Directions » An exact transcription of the entries is required, with none of the pictures carried over.

Data entries:
*-*-*

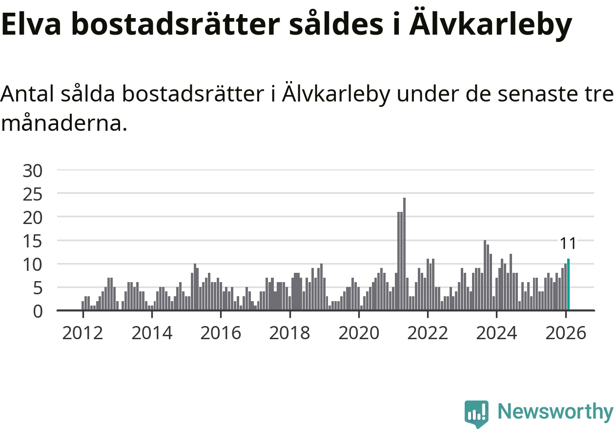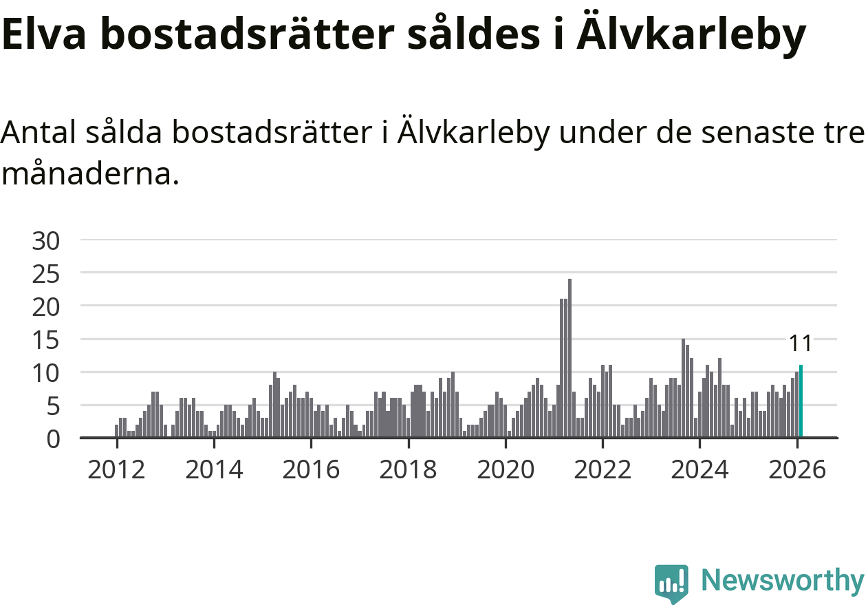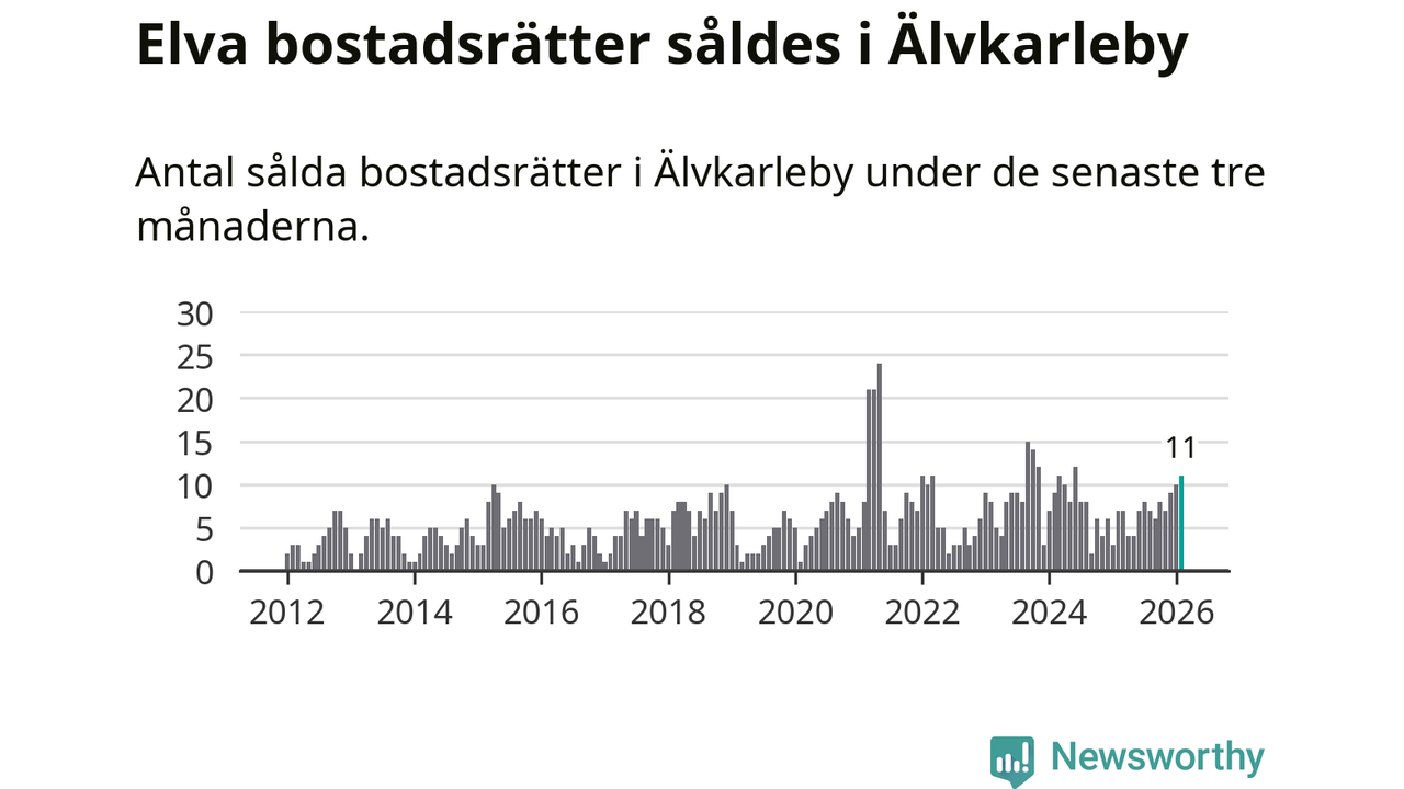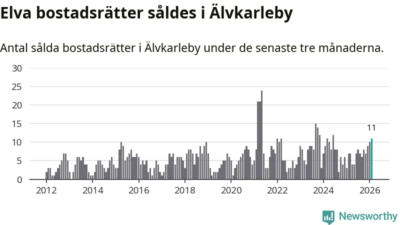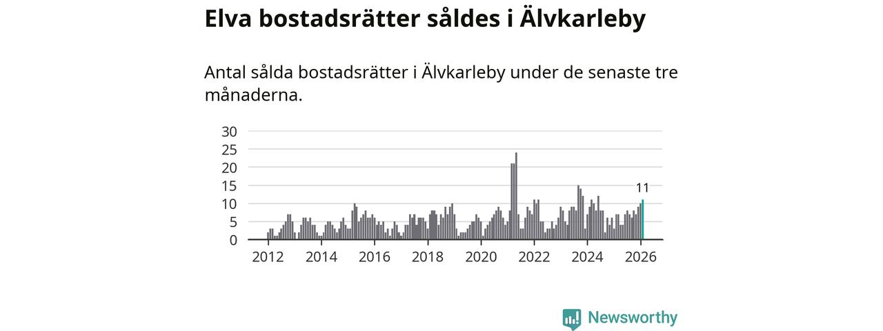 Mellan december och februari gjordes sammanlagt elva affärer med bostadsrätter i Älvkarleby kommun. Det kan jämföras med sju vid motsvarande tid i fjol.
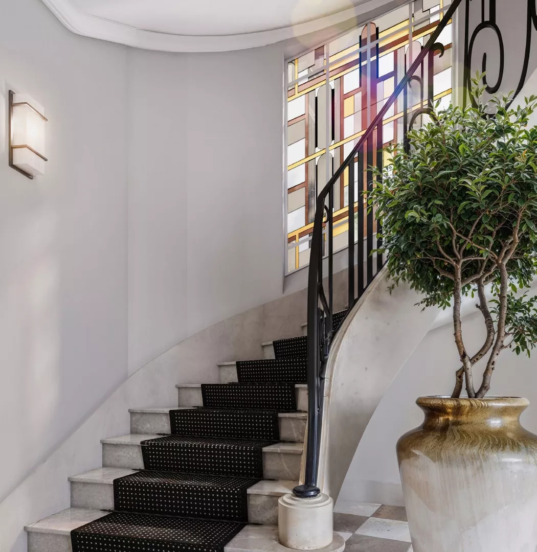 Symbole de l’âme Art Déco du 1930, l’escalier monumental retrouve la noblesse de sa pierre et la finesse de son fer forgé, sublimés par un tapis d’origine délicatement conservé.
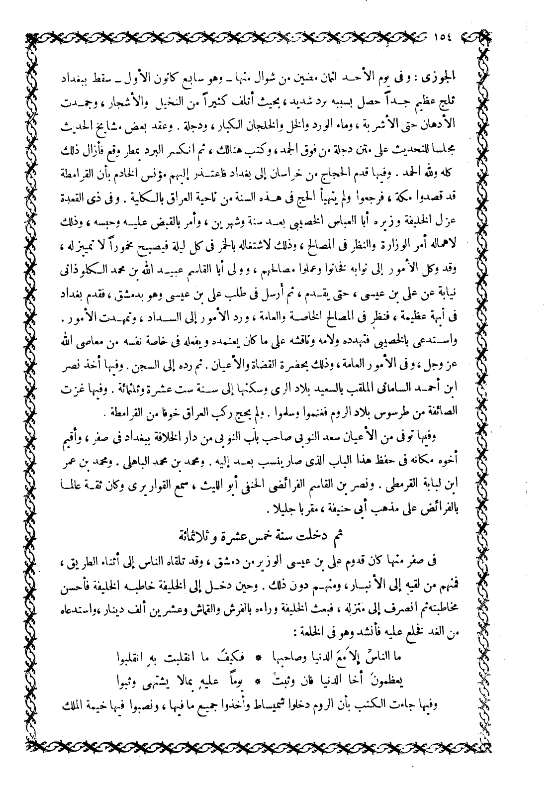 الْجَوْزِيِّ: وَفِي يَوْمِ الْأَحَدِ لِثَمَانٍ مَضَيْنَ مِنْ شَوَّالٍ مِنْهَا- وَهُوَ سَابِعُ كَانُونَ الْأَوَّلِ- سَقَطَ ببغداد ثلج عظيم جدا حصل بِسَبَبِهِ بَرْدٌ شَدِيدٌ، بِحَيْثُ أَتْلَفَ كَثِيرًا مِنَ النَّخِيلِ وَالْأَشْجَارِ، وَجَمَدَتِ الْأَدْهَانُ حَتَّى الْأَشْرِبَةُ، وَمَاءُ الْوَرْدِ وَالْخَلُّ وَالْخِلْجَانُ الْكِبَارُ، وَدِجْلَةُ. وَعَقَدَ بَعْضُ مشايخ الحديث مجلسا للتحديث عَلَى مَتْنِ دِجْلَةَ مِنْ فَوْقِ الْجَمْدِ، وَكُتِبَ هُنَالِكَ، ثُمَّ انْكَسَرَ الْبَرْدُ بِمَطَرٍ وَقَعَ فَأَزَالَ ذلك كله وللَّه الحمد. وفيها قدم الْحُجَّاجُ مِنْ خُرَاسَانَ إِلَى بَغْدَادَ فَاعْتَذَرَ إِلَيْهِمْ مُؤْنِسٌ الْخَادِمُ بِأَنَّ الْقَرَامِطَةَ قَدْ قَصَدُوا مَكَّةَ، فَرَجَعُوا وَلَمْ يَتَهَيَّأِ الْحَجُّ فِي هَذِهِ السَّنَةِ مِنْ نَاحِيَةِ الْعِرَاقِ بِالْكُلِّيَّةِ. وَفِي ذِي الْقَعْدَةِ عَزَلَ الْخَلِيفَةُ وَزِيرَهُ أَبَا الْعَبَّاسِ الْخَصِيبِيَّ بَعْدَ سَنَةٍ وَشَهْرَيْنِ، وَأَمَرَ بِالْقَبْضِ عَلَيْهِ وَحَبْسِهِ، وَذَلِكَ لاهماله أمر الوزارة والنظر في المصالح، وذلك لِاشْتِغَالِهِ بِالْخَمْرِ فِي كُلِّ لَيْلَةٍ فَيُصْبِحُ مَخْمُورًا لا تمييز لَهُ، وَقَدْ وَكَلَ الْأُمُورَ إِلَى نُوَّابِهِ فَخَانُوا وعملوا مصالحهم، وولى أبا القاسم عبيد الله بن محمد الكلوذاني نِيَابَةً عَنْ عَلِيِّ بْنِ عِيسَى، حَتَّى يَقْدَمَ، ثُمَّ أَرْسَلَ فِي طَلَبِ عَلِيِّ بْنِ عِيسَى وهو بدمشق، فَقَدِمَ بَغْدَادَ فِي أُبَّهَةٍ عَظِيمَةٍ، فَنَظَرَ فِي المصالح الخاصة والعامة، ورد الأمور إلى السداد، وتمهدت الأمور.
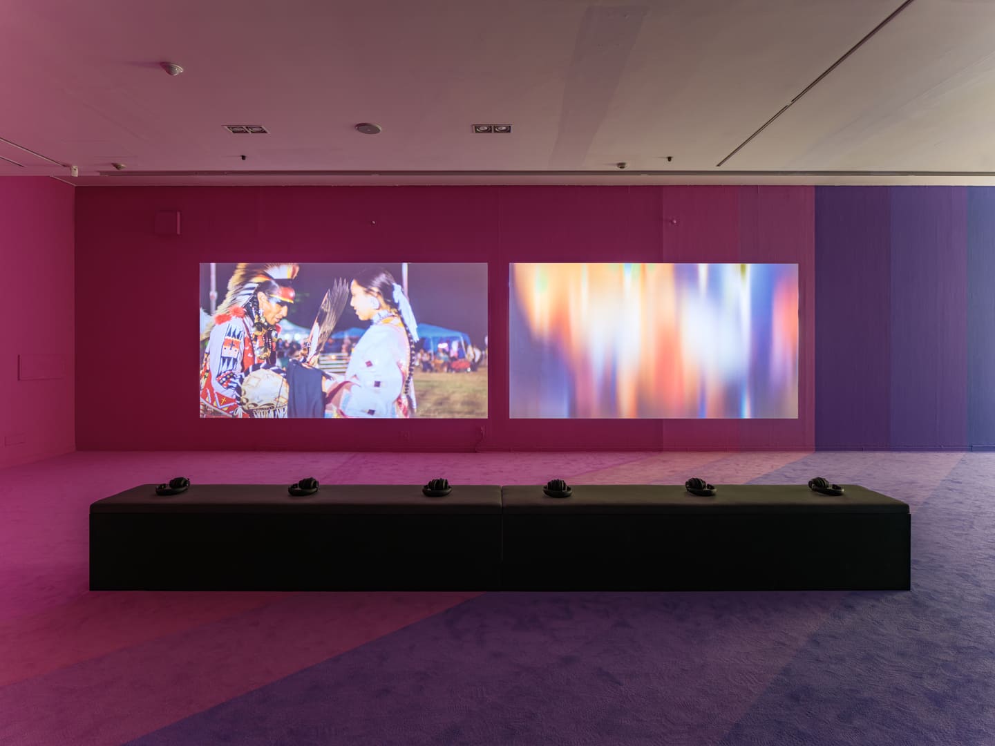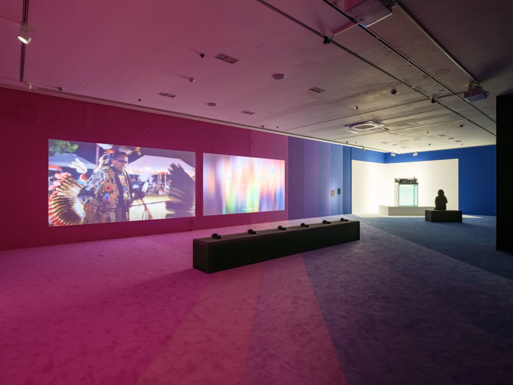 In this two-channel video, verses from a poem written by the artist are presented alongside scenes from a powwow. Emcee Ruben Little Head deftly guides the event’s audience—and the viewer—through the performance of a series of Northern Traditional dances. Footage in the video’s second channel is abstracted by one of Hopinka’s signature treatments, a formalist technique that forces the viewer to reflect upon their own position as observers of these rituals. The poem is superimposed onto this transformed image.
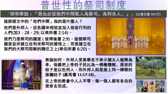 根據彼得前書 2 章 9 節, 我們乃是祭司的國度, 而這個祭司國度並非建立在利未祭司的資格上, 而是建立在我們的大祭司 耶穌的職任之上 (希伯來書6章20節)。
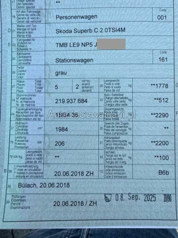 | Condition_and_Equipment | Zustand Fahrzeug muss transportiert werden (Höhe und Breite beachten). Fahrzeug ist rollbar. --- Front Frontblech/Maskenblech eingedrückt. Motor Alle Kühler vorne sind eingedrückt. Elektrik Kabelstränge verbrannt, beschädigt, abgerissen. --- Serienaustattung Airbag Fahrer und Beifahrerseite Sitzheizung vorne Scheinwerfer Waschanlage Sportfahrwerk Regensensor Mittelarmlehne hinten mit Durchladesystem Reifendruck-Kontrollsystem RDK Heckscheibenwischer Kopf und Seitenairbag vorne Park-Distanz-Sensor vorne + hinten Aussenspiegel elektrisch anklappbar (Memory) ESP/ ASR/ MSR/ ABS mit EBV Rückfahrkamera Seitenairbags hinten Netztrennwand Dachreling schwarz Vordersitze elektrisch verstellbar mit Memory Abfallbehälter Multifunktionsanzeige Maxi-DOT Knieairbag Fahrer SunSet (getönte Scheiben) Gepäckraumrollo Pack Sport Design Isofix Kindersitzverankerung für Rückbank Geschwindigkeitsregelanlage Soundsystem Adaptive Geschwindigkeitsregelung ACC Nebelscheinwerfer mit Corner Funktion Fernlichtassistent Parklenkassistent Ladeboden variabel Bi-Xenon Scheinwerfer mit AFS und Waschanlage LED Rückleuchten Keyless-Access Spurhalteassistent LDW Klimaanlage Climatronic 3-Zonen Sportsitze - Alcantara Multifunktions-Sportlenkrad Navigationssystem Columbus inkl. Festplatte Keine Gewähr auf die Angaben der Serienausstattungen Garantieverlängerung für das 3.und 4. Jahr/ 120'000 km LED Innenraumbeleuchtung Proaktives Insassenschutzsystem Rücksitzlehne mit Fernentriegelung Fahrprofilauswahl Toter-Winkel-Assistent Digitaler Radioempfang DAB+ Front Assist (Umfeldüberwachungssystem) Heckklappe elektrisch mit Freihandfunktion Progressiv Lenkung Verkehrsschild-Erkennungssystem SmartLink Leichtmetallfelgen 19" Vega Spurhalteassistent und Totwinkelassistent Müdigkeitserkennung Sonderausstattung Standheizung mit Fernbedienung Sitzheizung vorne + hinten Heizbare Frontscheibe Spezialfarbe Anhängerkupplung Sonnenschutzrollo für Seitenfenster hinten Panorama-Schiebedach Adaptive Geschwindigkeitsregelung ACC 210 km/h Pack Akustik mit Sunset Sonstige Ausstattung und Zubehör Sportfahrwerk, Distanzscheiben vorne und hinten |
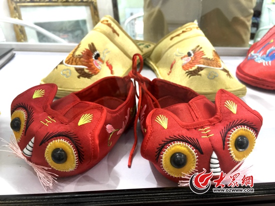 內蒙古團手工藝人展示的刺繡虎頭鞋。記者 馬俊驥 攝
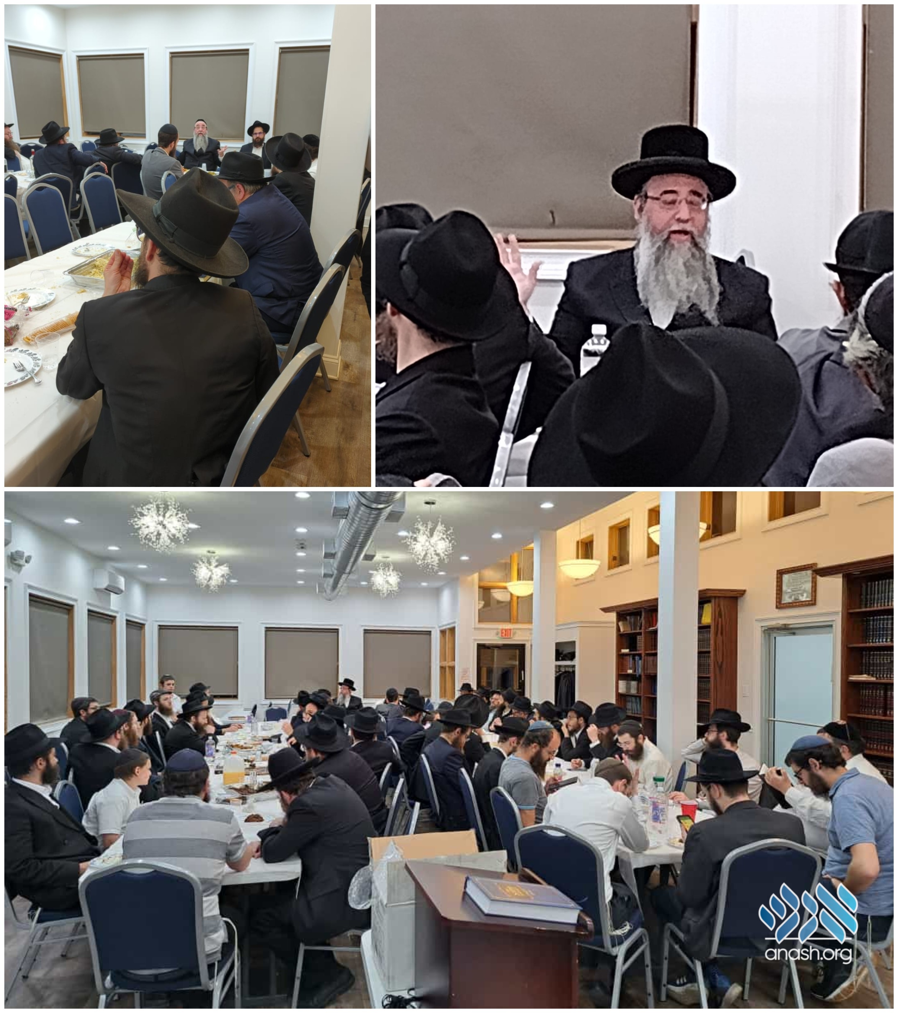 Anash of Kingston, PA, gathered on Chai Elul for a community farbrengen with Monsey Rov and author of seforim Harav Gedalya Oberlander.

*-*-*

Written answer »
 Mellan december och februari gjordes sammanlagt elva affärer med bostadsrätter i Älvkarleby kommun. Det kan jämföras med sju vid motsvarande tid i fjol.
 Symbole de l’âme Art Déco du 1930, l’escalier monumental retrouve la noblesse de sa pierre et la finesse de son fer forgé, sublimés par un tapis d’origine délicatement conservé.
 الْجَوْزِيِّ: وَفِي يَوْمِ الْأَحَدِ لِثَمَانٍ مَضَيْنَ مِنْ شَوَّالٍ مِنْهَا- وَهُوَ سَابِعُ كَانُونَ الْأَوَّلِ- سَقَطَ ببغداد ثلج عظيم جدا حصل بِسَبَبِهِ بَرْدٌ شَدِيدٌ، بِحَيْثُ أَتْلَفَ كَثِيرًا مِنَ النَّخِيلِ وَالْأَشْجَارِ، وَجَمَدَتِ الْأَدْهَانُ حَتَّى الْأَشْرِبَةُ، وَمَاءُ الْوَرْدِ وَالْخَلُّ وَالْخِلْجَانُ الْكِبَارُ، وَدِجْلَةُ. وَعَقَدَ بَعْضُ مشايخ الحديث مجلسا للتحديث عَلَى مَتْنِ دِجْلَةَ مِنْ فَوْقِ الْجَمْدِ، وَكُتِبَ هُنَالِكَ، ثُمَّ انْكَسَرَ الْبَرْدُ بِمَطَرٍ وَقَعَ فَأَزَالَ ذلك كله وللَّه الحمد. وفيها قدم الْحُجَّاجُ مِنْ خُرَاسَانَ إِلَى بَغْدَادَ فَاعْتَذَرَ إِلَيْهِمْ مُؤْنِسٌ الْخَادِمُ بِأَنَّ الْقَرَامِطَةَ قَدْ قَصَدُوا مَكَّةَ، فَرَجَعُوا وَلَمْ يَتَهَيَّأِ الْحَجُّ فِي هَذِهِ السَّنَةِ مِنْ نَاحِيَةِ الْعِرَاقِ بِالْكُلِّيَّةِ. وَفِي ذِي الْقَعْدَةِ عَزَلَ الْخَلِيفَةُ وَزِيرَهُ أَبَا الْعَبَّاسِ الْخَصِيبِيَّ بَعْدَ سَنَةٍ وَشَهْرَيْنِ، وَأَمَرَ بِالْقَبْضِ عَلَيْهِ وَحَبْسِهِ، وَذَلِكَ لاهماله أمر الوزارة والنظر في المصالح، وذلك لِاشْتِغَالِهِ بِالْخَمْرِ فِي كُلِّ لَيْلَةٍ فَيُصْبِحُ مَخْمُورًا لا تمييز لَهُ، وَقَدْ وَكَلَ الْأُمُورَ إِلَى نُوَّابِهِ فَخَانُوا وعملوا مصالحهم، وولى أبا القاسم عبيد الله بن محمد الكلوذاني نِيَابَةً عَنْ عَلِيِّ بْنِ عِيسَى، حَتَّى يَقْدَمَ، ثُمَّ أَرْسَلَ فِي طَلَبِ عَلِيِّ بْنِ عِيسَى وهو بدمشق، فَقَدِمَ بَغْدَادَ فِي أُبَّهَةٍ عَظِيمَةٍ، فَنَظَرَ فِي المصالح الخاصة والعامة، ورد الأمور إلى السداد، وتمهدت الأمور.
 In this two-channel video, verses from a poem written by the artist are presented alongside scenes from a powwow. Emcee Ruben Little Head deftly guides the event’s audience—and the viewer—through the performance of a series of Northern Traditional dances. Footage in the video’s second channel is abstracted by one of Hopinka’s signature treatments, a formalist technique that forces the viewer to reflect upon their own position as observers of these rituals. The poem is superimposed onto this transformed image.
 根據彼得前書 2 章 9 節, 我們乃是祭司的國度, 而這個祭司國度並非建立在利未祭司的資格上, 而是建立在我們的大祭司 耶穌的職任之上 (希伯來書6章20節)。
 | Condition_and_Equipment | Zustand Fahrzeug muss transportiert werden (Höhe und Breite beachten). Fahrzeug ist rollbar. --- Front Frontblech/Maskenblech eingedrückt. Motor Alle Kühler vorne sind eingedrückt. Elektrik Kabelstränge verbrannt, beschädigt, abgerissen. --- Serienaustattung Airbag Fahrer und Beifahrerseite Sitzheizung vorne Scheinwerfer Waschanlage Sportfahrwerk Regensensor Mittelarmlehne hinten mit Durchladesystem Reifendruck-Kontrollsystem RDK Heckscheibenwischer Kopf und Seitenairbag vorne Park-Distanz-Sensor vorne + hinten Aussenspiegel elektrisch anklappbar (Memory) ESP/ ASR/ MSR/ ABS mit EBV Rückfahrkamera Seitenairbags hinten Netztrennwand Dachreling schwarz Vordersitze elektrisch verstellbar mit Memory Abfallbehälter Multifunktionsanzeige Maxi-DOT Knieairbag Fahrer SunSet (getönte Scheiben) Gepäckraumrollo Pack Sport Design Isofix Kindersitzverankerung für Rückbank Geschwindigkeitsregelanlage Soundsystem Adaptive Geschwindigkeitsregelung ACC Nebelscheinwerfer mit Corner Funktion Fernlichtassistent Parklenkassistent Ladeboden variabel Bi-Xenon Scheinwerfer mit AFS und Waschanlage LED Rückleuchten Keyless-Access Spurhalteassistent LDW Klimaanlage Climatronic 3-Zonen Sportsitze - Alcantara Multifunktions-Sportlenkrad Navigationssystem Columbus inkl. Festplatte Keine Gewähr auf die Angaben der Serienausstattungen Garantieverlängerung für das 3.und 4. Jahr/ 120'000 km LED Innenraumbeleuchtung Proaktives Insassenschutzsystem Rücksitzlehne mit Fernentriegelung Fahrprofilauswahl Toter-Winkel-Assistent Digitaler Radioempfang DAB+ Front Assist (Umfeldüberwachungssystem) Heckklappe elektrisch mit Freihandfunktion Progressiv Lenkung Verkehrsschild-Erkennungssystem SmartLink Leichtmetallfelgen 19" Vega Spurhalteassistent und Totwinkelassistent Müdigkeitserkennung Sonderausstattung Standheizung mit Fernbedienung Sitzheizung vorne + hinten Heizbare Frontscheibe Spezialfarbe Anhängerkupplung Sonnenschutzrollo für Seitenfenster hinten Panorama-Schiebedach Adaptive Geschwindigkeitsregelung ACC 210 km/h Pack Akustik mit Sunset Sonstige Ausstattung und Zubehör Sportfahrwerk, Distanzscheiben vorne und hinten |
 內蒙古團手工藝人展示的刺繡虎頭鞋。記者 馬俊驥 攝
 Anash of Kingston, PA, gathered on Chai Elul for a community farbrengen with Monsey Rov and author of seforim Harav Gedalya Oberlander.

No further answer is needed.